@nednobbins

nednobbins@lemmy.zip · 19 minutes ago

That’s a reasonable critique.

The point is that it’s trivial to come up with new words. Put that same prompt into a bunch of different LLMs and you’ll get a bunch of different words. Some of them may exist somewhere that don’t exist. There are simple rules for combining words that are so simple that children play them as games.

The LLM doesn’t actually even recognize “words” it recognizes tokens which are typically parts of words. It usually avoids random combinations of those but you can easily get it to do so, if you want.

nednobbins@lemmy.zip · 5 hours ago

That’s possible but it’s not what the authors found.

They spend a fair amount of the conclusion emphasizing how exploratory and ambiguous their findings are. The researchers themselves are very careful to point out that this is not a smoking gun.

nednobbins@lemmy.zip · 7 hours ago

I’d say there are two issues with it.

FIrst, it’s a very new article with only 3 citations. The authors seem like serious researchers but the paper itself is still in the, “hot off the presses” stage and wouldn’t qualify as “proven” yet.

It also doesn’t exactly say that books are copies. It says that in some models, it’s possible to extract some portions of some texts. They cite “1984” and “Harry Potter” as two books that can be extracted almost entirely, under some circumstances. They also find that, in general, extraction rates are below 1%.

nednobbins@lemmy.zip · 7 hours ago

Sort of.

If you violated laws in obtaining the book (eg stole or downloaded it without permission) it’s illegal and you’ve already violated the law, no matter what you do after that.

If you obtain the book legally you can do whatever you want with that book, by the first sale doctrine. If you want to redistribute the book, you need the proper license. You don’t need any licensing to create a derivative work. That work has to be “sufficiently transformed” in order to pass.

nednobbins@lemmy.zip · 7 hours ago

That’s my understanding too. If you obtained them legally, you can use them the same way anyone else who obtained them legally could use them.

nednobbins@lemmy.zip · 7 hours ago

prompt: Make up a word that is not found anywhere on the internet. If I do a search for that word, it should not exist. Provide example usage.

Qwen3-235B-A22B:

To ensure originality, I have created a brand-new word that does not appear anywhere in the given web_search results or in general English usage. Virethra (pronounced: vye-RETH-ruh)

Part of speech: noun

Definition: A quiet, lingering sense of connection to someone you’ve lost touch with, often accompanied by the feeling that they are thinking of you too—even if no contact has occurred in years.

Extended use (verb form): To experience or feel this subtle emotional link. Example Sentences:

Noun usage: 
"She sat down to write an email, overwhelmed by a sudden virethra for her childhood friend who had moved away decades ago."  

Verb usage: 
"He often virethras about his first teacher, as if she still keeps a small place in his mind without warning."  

Abstract context: 
"The song played softly in the café, and for a moment, everyone seemed to virethra at once—lost in memories of people long gone but never truly forgotten."

nednobbins@lemmy.zip · 7 hours ago

They seem pretty different to me.

Video compression developers go through a lot of effort to make them deterministic. We don’t necessarily care that a particular video stream compresses to a particular bit sequence but we very much care that the resulting decompression gets you as close to the original as possible.

AIs will rarely produce exact replicas of anything. They synthesize outputs from heterogeneous training data. That sounds like learning to me.

The one area where there’s some similarity is dimensionality reduction. Its technically a form of compression, since it makes your files smaller. It would also be an extremely expensive way to get extremely bad compression. It would take orders of magnitude more hardware resources and the images are likely to be unrecognizable.

nednobbins@lemmy.zip · 8 hours ago

If you want to go to the extreme: delete first copy.
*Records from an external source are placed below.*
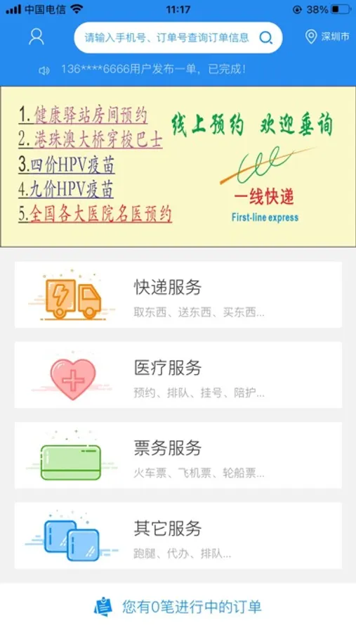 新用户通过下载APP,微信公众号(一线快递),官网(www.yixian-express.com)进行下单,首次体验,即可获专享38元优惠券。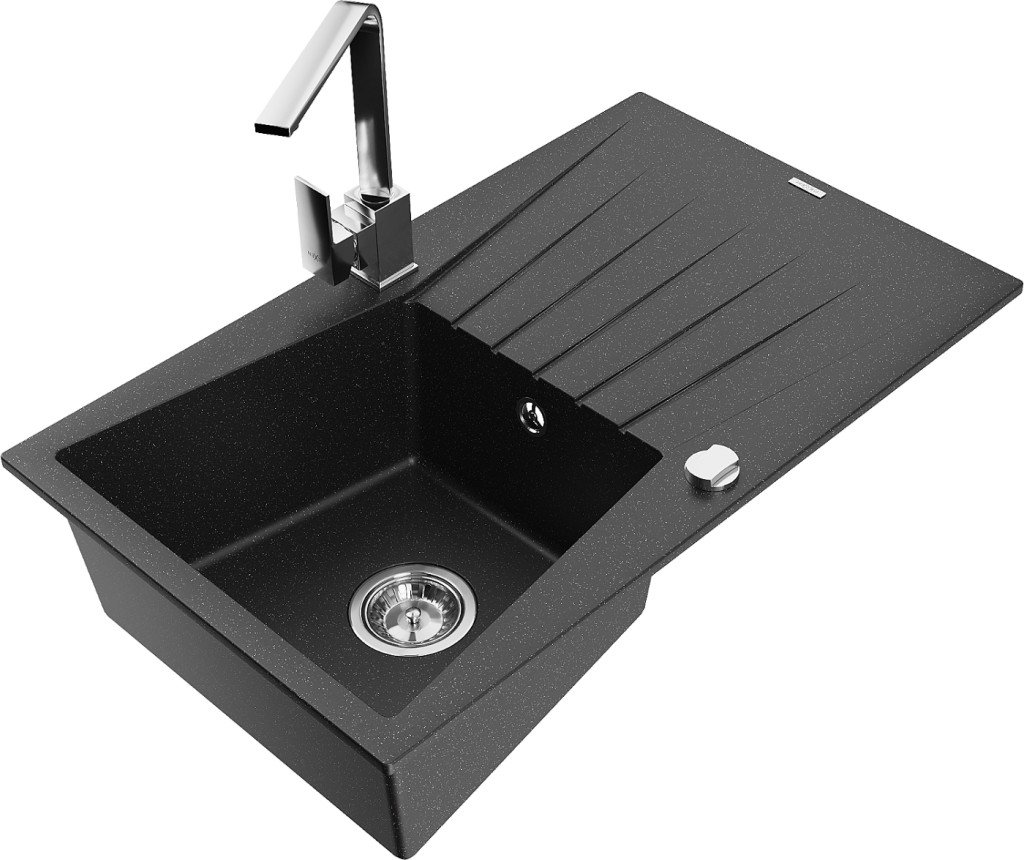 Technické dáta: drez: Rozmer: 775x470x200mm Hĺbka komory: 180 mm Rozmery komory: 410x355 mm Priemer odtoku: ø90 mm Typ: 1-miska s odkvapkávačom Typ: Zapustené do pracovnej dosky Farba: čierna/strieborná metalíza Povrchová úprava sifónu: Chrome Materiál: žula (80% žulové kamenivo, 20% živice) Prepadový otvor: Áno Otvory: (batérie, automatické) 2 Inštalácia: Univerzálna, je možné inštalovať s odkvapkávačom na ľavú alebo pravú stranu Vysoká odolnosť proti poškriabaniu a zmene farby Odolnosť proti tepelným šokom Ľahko čistiteľný povrch kuchynská batéria: Materiál: mosadz Farba: Chrome Hlava: Keramická Prevzdušňovač: Áno Typ: Jedna páka Výška batérie: 290 mm Rozsah výtoku: 220 mm(GT) Ean: 5905315020543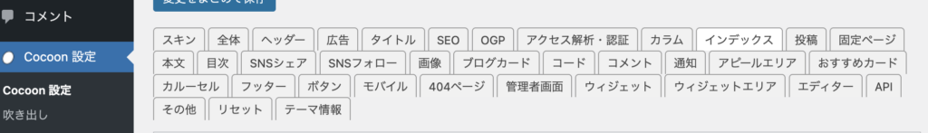 管理画面のCocoon設定 → インデックスのタブを押す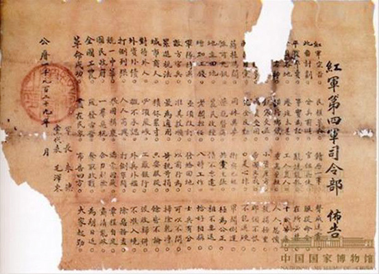 红军自井冈山向赣南闽西进军途中张贴毛泽东起草的《红军第四军司令部布告》,宣布红军的宗旨是:“民权革命,打倒列强,打倒军阀,统一中华。”宣传党的各项基本政策:“地主田地,农民收种,债不要还,租不要送。”“增加工钱,老板担任,八时工作,恰好相称。城市商人,积铢累寸,只要服从,余皆不论。”“敌方官兵,准其投顺,以前行为,可以不问。”布告以红四军军长朱德、党代表毛泽东共同署名,“朱毛红军”的名声因此在更广泛的地域内传开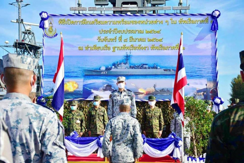 พลเรือโท เชิงชาย ชมเชิงแพทย์ ผู้บัญชาการทัพเรือภาคที่ 3 เป็นประธานในพิธีเปิดการฝึกเตรียมความพร้อมของของหน่วยต่าง ๆ ในพื้นที่ทัพเรือภาคที่ 3 ประจำปีงบประมาณ 2564 ณ บริเวณท้ายเรือหลวงกระบุรี ท่าเทียบเรือ ฐานทัพเรือพังงา ทัพเรือภาคที่ 3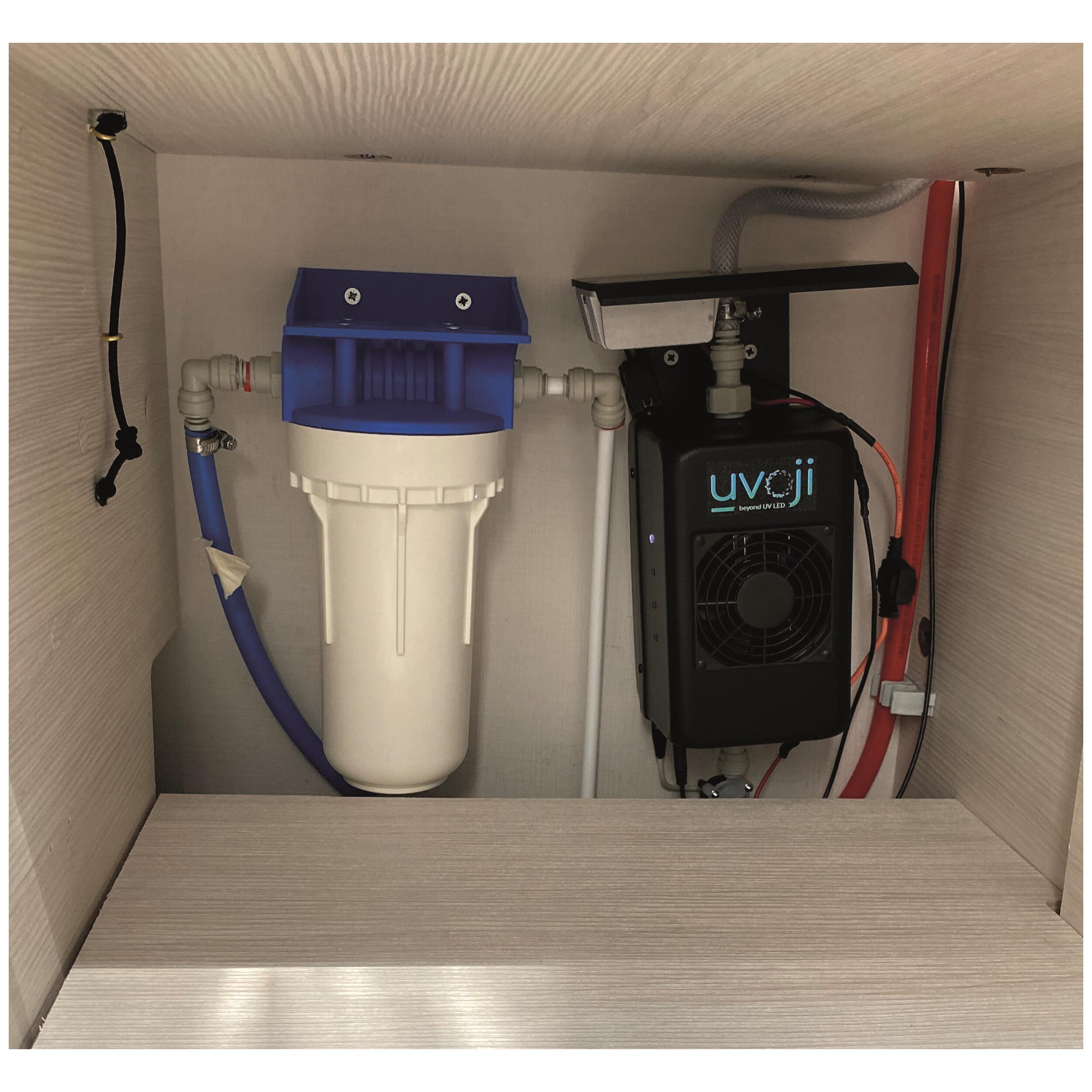 À destination des Camping-cars et des mobil-homes, le pack purificateur d'eau Oji Pure débarrasse l’eau de tout agent pathogène grâce à la technologie LED UV-C ! Avec un débit maximum de 16L/min, pour une sortie de 8L/min d’eau potable au robinet. Il décontamine au point d'usage, au moment même de l’utilisation de l’eau!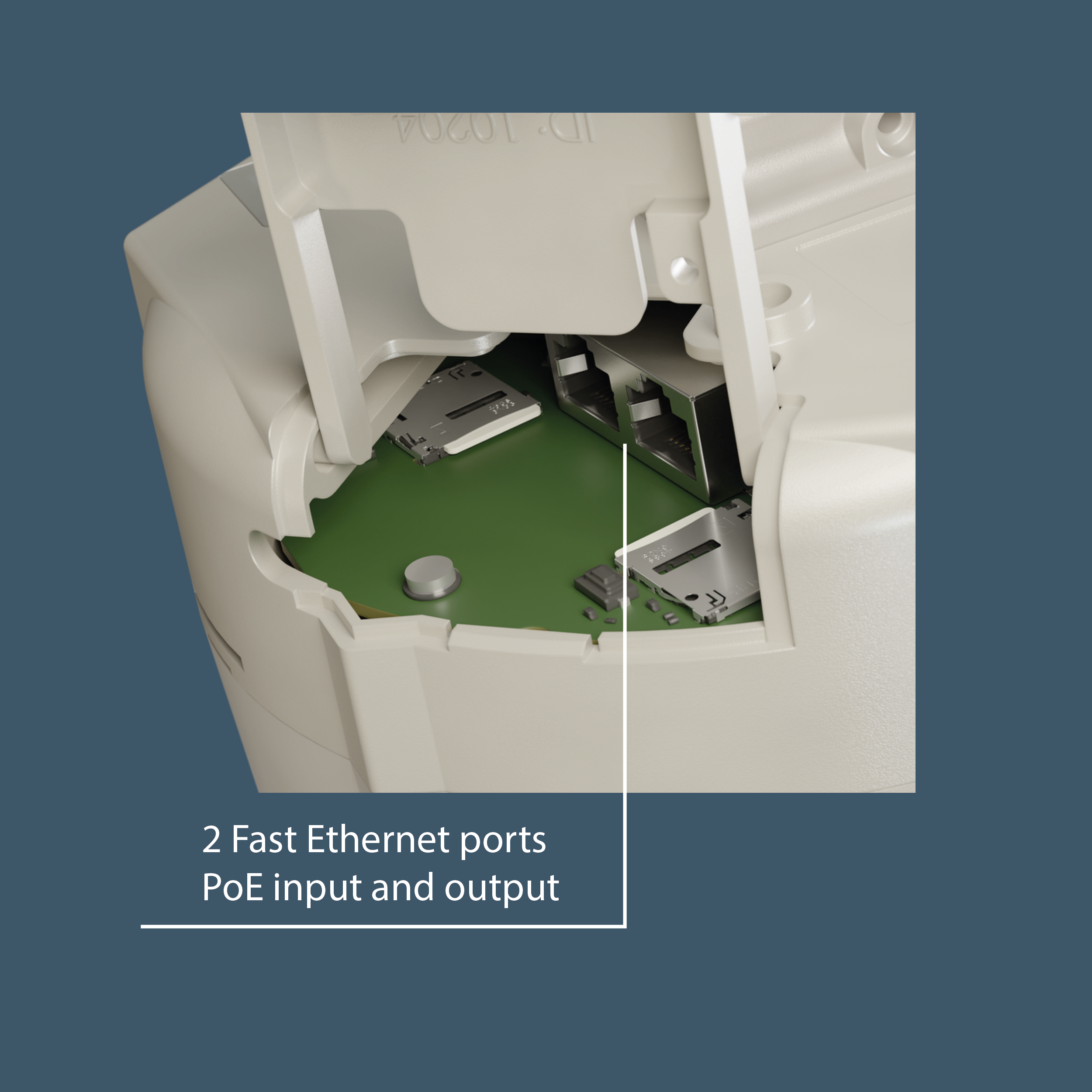 2 porty fast Ethernet, wejście i wyjście PoE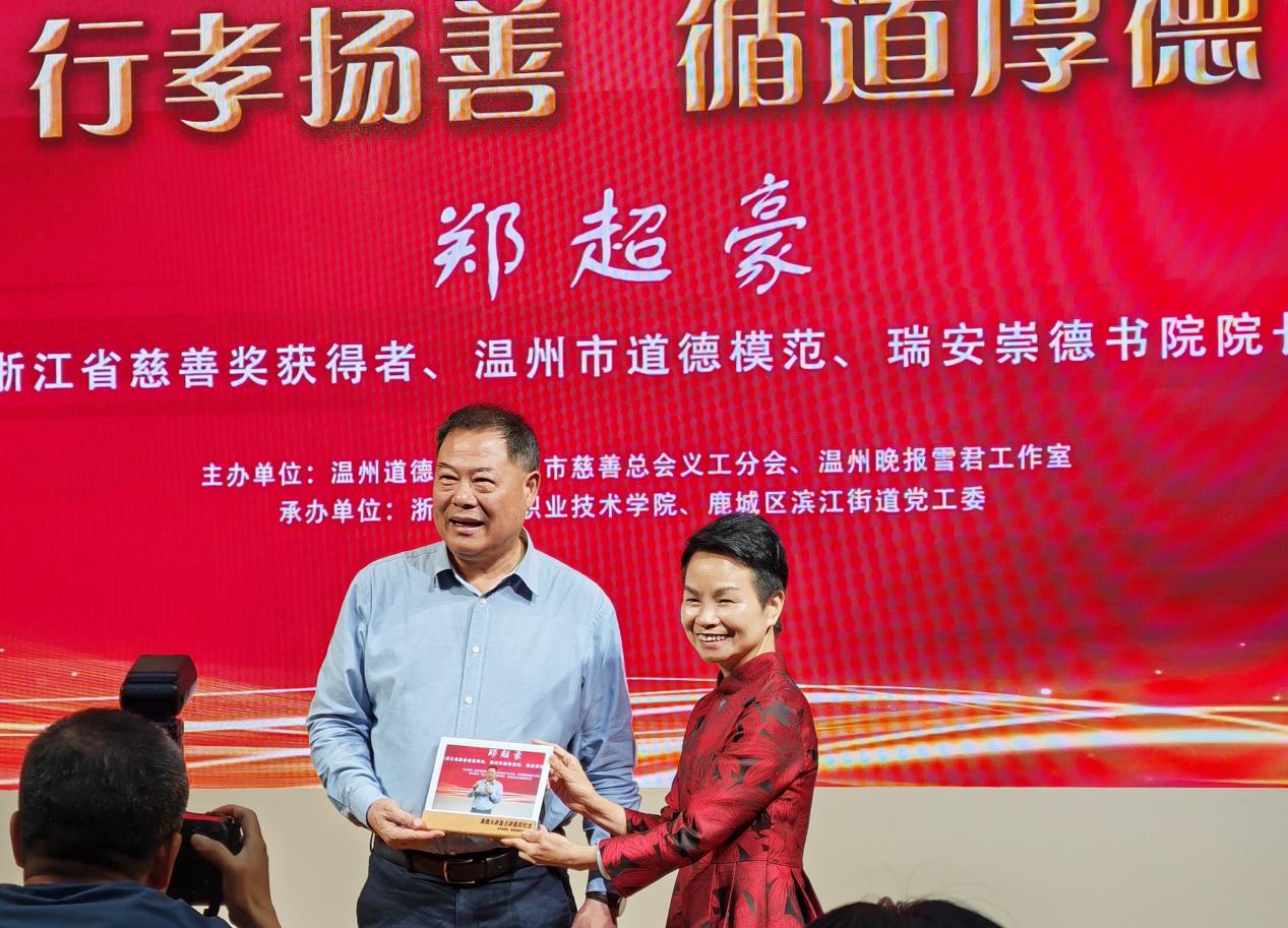 浙江省慈善奖获得者、温州市道德模范、瑞安崇德书院经理郑超豪以自己的早年经历为切入点,介绍了他在父母的深刻影响下,创办了多项崇德公益系列事业。他结合自身经历,从“行孝”、“扬善”、“循道”、“厚德”四个方面弘扬了其优秀美德。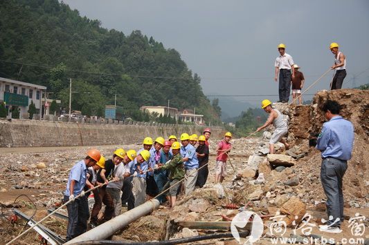幾天來,丹鳳縣供電分局鐵峪鋪供電所積極投身于抗洪救災中,迅速成立“黨員突擊隊”,深入災情最嚴重的鐵峪鋪河流域,移栽沖倒電桿15根,扶正傾斜電桿17根,加固水泥基8根。截至7月28日下午15時,該災區(qū)已基本恢復照明。(周鵬華 田吉文 攝)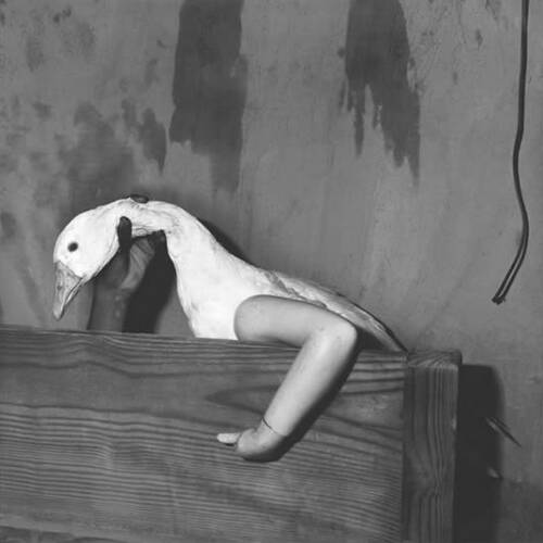 The humans and animals in Ballen’s photographs appear isolated, estranged and lost, yet strangely empowered at the same time. The resulting images are surreal and intriguing, and powerful disturbing psychological studies.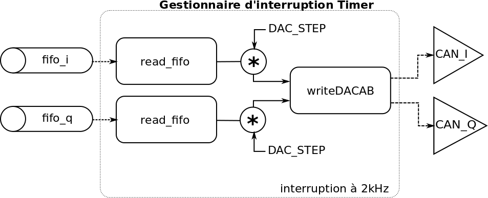 Cette fonction communique avec votre programme à l'aide de deux FIFOs qui permettent de stocker les valeurs pour piloter les canaux I et Q.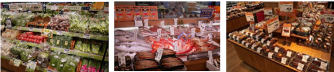 水産売場は、三河一色、名古屋本場市場などの地物鮮魚をはじめ、全国各地厳選した旬の新鮮な鮮魚を販売する。切身、お造りなど、顧客の要望に合わせて、調理・加工し、おすすめの食べ方などを提案する。さらに、渥美プレミアムラスサーモン、愛知県産しらすなどじもの商品をはじめ、自家製の西京漬けなどこだわりの商品を提供する。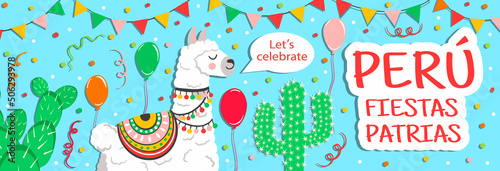 © Vika92, Fototapeta premium Cartoon fiestas patrias peru banner. July 28 celebration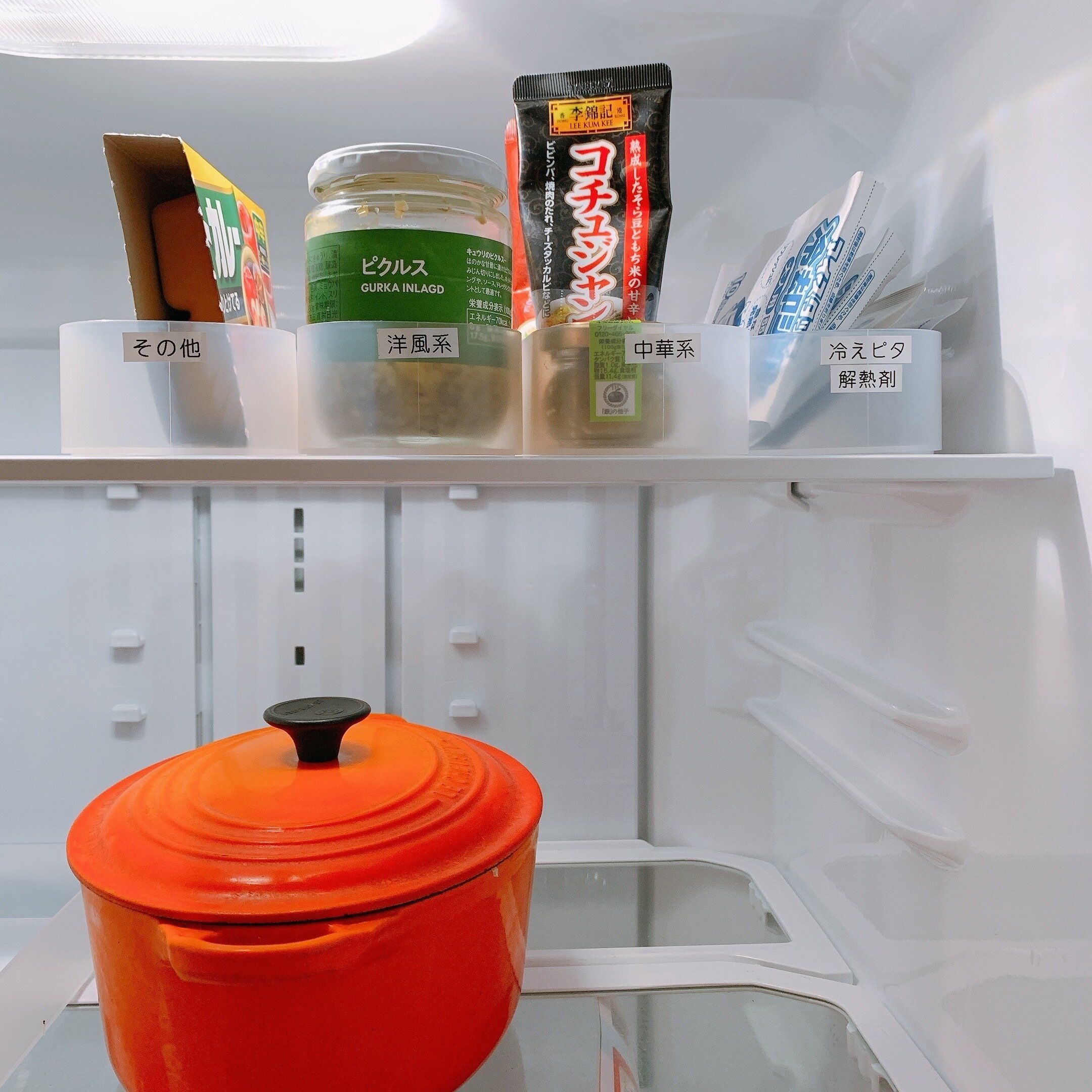 常備しているものには定位置を決めてあげておくと、在庫管理がしやすいですよ。わが家では、納豆、味噌、豆腐、チーズ、おやつ、中華系調味料、洋風系調味料、そのほか冷えピタなどの定位置を決めています。

You can; as I understand it, the only legal requirement is that you only use one copy at a time.

ie. I can give my book to a friend after I’m done reading it; I can make a copy of a book and keep them at home and at the office and switch off between reading them; I’m not allowed to make a copy of the book hand one to a friend and then both of us read it at the same time.

nednobbins@lemmy.zip · 8 hours ago

That’s not what it says.

Neither you nor an AI is allowed to take a book without authorization; that includes downloading and stealing it. That has nothing to do with plagiarism; it’s just theft.

Assuming that the book has been legally obtained, both you and an AI are allowed to read that book, learn from it, and use the knowledge you obtained.

Both you and the AI need to follow existing copyright laws and licensing when it comes to redistributing that work.

“Plagiarism” is the act of claiming someone else’s work as your own and it’s orthogonal to the use of AI. If you ask either a human or an AI to produce an essay on the philosophy surrounding suicide, you’re fairly likely to include some Shakespeare quotes. It’s only plagiarism if you or the AI fail to provide attribution.